[[ RECORDS TO PROCESS, beginning ]]

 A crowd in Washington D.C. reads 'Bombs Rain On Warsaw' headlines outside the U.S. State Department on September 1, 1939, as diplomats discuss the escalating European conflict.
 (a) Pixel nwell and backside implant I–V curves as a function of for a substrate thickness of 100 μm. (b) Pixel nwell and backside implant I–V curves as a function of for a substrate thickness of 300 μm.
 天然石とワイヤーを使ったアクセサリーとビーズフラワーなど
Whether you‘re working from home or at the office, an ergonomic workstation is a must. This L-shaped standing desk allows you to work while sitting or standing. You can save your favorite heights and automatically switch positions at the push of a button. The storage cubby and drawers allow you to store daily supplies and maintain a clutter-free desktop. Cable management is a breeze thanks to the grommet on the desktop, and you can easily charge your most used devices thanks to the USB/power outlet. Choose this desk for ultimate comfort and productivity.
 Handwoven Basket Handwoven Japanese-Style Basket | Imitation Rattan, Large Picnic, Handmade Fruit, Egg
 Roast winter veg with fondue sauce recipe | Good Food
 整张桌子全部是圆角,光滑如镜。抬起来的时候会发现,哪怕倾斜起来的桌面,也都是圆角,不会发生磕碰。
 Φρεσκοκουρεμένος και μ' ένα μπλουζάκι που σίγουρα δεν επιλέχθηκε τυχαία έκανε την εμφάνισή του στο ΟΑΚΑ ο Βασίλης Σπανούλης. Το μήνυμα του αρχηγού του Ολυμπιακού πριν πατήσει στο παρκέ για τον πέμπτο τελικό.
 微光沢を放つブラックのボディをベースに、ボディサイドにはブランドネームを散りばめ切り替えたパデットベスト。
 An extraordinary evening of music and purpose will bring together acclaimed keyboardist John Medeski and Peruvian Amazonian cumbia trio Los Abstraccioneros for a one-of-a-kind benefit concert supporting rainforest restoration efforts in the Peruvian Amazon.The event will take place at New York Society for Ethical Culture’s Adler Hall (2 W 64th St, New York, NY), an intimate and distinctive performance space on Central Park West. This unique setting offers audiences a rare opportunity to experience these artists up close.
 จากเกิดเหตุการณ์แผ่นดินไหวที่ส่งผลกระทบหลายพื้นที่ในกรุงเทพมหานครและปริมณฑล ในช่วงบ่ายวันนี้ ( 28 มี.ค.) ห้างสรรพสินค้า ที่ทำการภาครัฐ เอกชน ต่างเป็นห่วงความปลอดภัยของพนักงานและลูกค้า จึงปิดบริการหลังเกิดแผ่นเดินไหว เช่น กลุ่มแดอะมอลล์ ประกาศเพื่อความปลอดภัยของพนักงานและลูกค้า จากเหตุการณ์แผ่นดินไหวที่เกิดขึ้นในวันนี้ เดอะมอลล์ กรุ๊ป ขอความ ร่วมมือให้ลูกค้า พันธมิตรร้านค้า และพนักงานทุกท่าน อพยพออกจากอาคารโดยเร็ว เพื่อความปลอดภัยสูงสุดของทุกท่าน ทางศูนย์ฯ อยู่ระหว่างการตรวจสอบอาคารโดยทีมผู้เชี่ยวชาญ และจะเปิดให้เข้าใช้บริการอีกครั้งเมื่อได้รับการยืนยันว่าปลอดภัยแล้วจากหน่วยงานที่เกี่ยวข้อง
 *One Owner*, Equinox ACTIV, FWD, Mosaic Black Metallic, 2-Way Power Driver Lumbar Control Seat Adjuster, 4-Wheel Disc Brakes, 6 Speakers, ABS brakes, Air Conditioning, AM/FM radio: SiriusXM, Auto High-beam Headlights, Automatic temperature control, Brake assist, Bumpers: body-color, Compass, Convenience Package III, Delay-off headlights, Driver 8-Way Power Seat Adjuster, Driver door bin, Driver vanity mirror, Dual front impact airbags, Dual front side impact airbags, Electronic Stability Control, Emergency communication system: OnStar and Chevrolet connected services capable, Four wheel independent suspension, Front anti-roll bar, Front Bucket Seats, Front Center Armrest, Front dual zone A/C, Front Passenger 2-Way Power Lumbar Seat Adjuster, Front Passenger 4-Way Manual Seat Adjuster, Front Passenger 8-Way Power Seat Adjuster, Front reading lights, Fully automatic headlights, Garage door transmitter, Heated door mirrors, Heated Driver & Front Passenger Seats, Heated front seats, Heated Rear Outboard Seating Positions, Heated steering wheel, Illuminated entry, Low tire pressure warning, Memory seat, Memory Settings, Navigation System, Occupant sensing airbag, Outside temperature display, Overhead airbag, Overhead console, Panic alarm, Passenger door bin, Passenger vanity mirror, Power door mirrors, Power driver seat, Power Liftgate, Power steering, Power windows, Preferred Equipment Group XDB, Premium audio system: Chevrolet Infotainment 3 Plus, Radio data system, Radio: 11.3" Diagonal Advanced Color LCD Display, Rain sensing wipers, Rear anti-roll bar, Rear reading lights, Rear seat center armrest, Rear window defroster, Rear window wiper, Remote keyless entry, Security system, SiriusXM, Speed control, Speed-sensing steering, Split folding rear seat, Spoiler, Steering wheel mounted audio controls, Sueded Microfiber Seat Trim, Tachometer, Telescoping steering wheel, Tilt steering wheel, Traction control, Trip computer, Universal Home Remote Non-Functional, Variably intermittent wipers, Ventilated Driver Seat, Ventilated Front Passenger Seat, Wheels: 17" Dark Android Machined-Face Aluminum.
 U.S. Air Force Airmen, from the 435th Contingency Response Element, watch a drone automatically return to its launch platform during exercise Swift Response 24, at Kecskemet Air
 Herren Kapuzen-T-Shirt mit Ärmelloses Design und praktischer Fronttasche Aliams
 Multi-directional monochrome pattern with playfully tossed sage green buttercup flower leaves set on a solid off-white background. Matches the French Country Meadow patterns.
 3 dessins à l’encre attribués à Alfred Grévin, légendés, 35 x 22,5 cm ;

[[ RECORDS TO PROCESS, end ]]

● EXERCISE PROMPT: Which lines in the data above hold the string "with"? Show each one.

● SOLUTION FOR THIS TASK:
 Roast winter veg with fondue sauce recipe | Good Food
 Multi-directional monochrome pattern with playfully tossed sage green buttercup flower leaves set on a solid off-white background. Matches the French Country Meadow patterns.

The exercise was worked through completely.